┌─ Supplied information

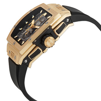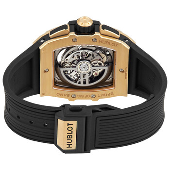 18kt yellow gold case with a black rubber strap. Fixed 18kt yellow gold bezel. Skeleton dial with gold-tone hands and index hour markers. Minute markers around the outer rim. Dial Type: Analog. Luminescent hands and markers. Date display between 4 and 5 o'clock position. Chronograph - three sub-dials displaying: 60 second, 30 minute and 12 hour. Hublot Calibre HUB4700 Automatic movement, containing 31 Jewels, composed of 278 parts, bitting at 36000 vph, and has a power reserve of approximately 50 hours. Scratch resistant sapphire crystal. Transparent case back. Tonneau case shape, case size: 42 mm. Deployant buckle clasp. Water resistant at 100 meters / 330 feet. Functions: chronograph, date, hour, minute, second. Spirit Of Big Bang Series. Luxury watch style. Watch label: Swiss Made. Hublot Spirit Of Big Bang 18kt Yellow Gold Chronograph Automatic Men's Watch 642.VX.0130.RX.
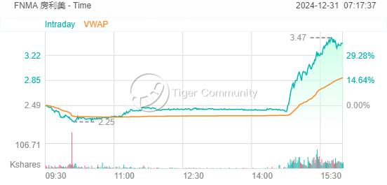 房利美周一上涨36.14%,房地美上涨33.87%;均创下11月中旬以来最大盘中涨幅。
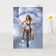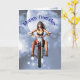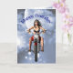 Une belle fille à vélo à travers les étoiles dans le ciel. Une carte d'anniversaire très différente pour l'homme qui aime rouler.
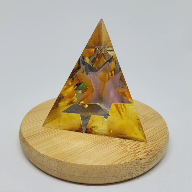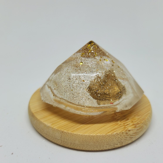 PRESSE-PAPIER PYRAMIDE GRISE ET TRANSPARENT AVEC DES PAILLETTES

└─

Leave the pictures out, and please copy only the lines from the one with "房利美周一上涨36.14%,房地美上涨3" through the end of the listing.

 房利美周一上涨36.14%,房地美上涨33.87%;均创下11月中旬以来最大盘中涨幅。
 Une belle fille à vélo à travers les étoiles dans le ciel. Une carte d'anniversaire très différente pour l'homme qui aime rouler.
 PRESSE-PAPIER PYRAMIDE GRISE ET TRANSPARENT AVEC DES PAILLETTES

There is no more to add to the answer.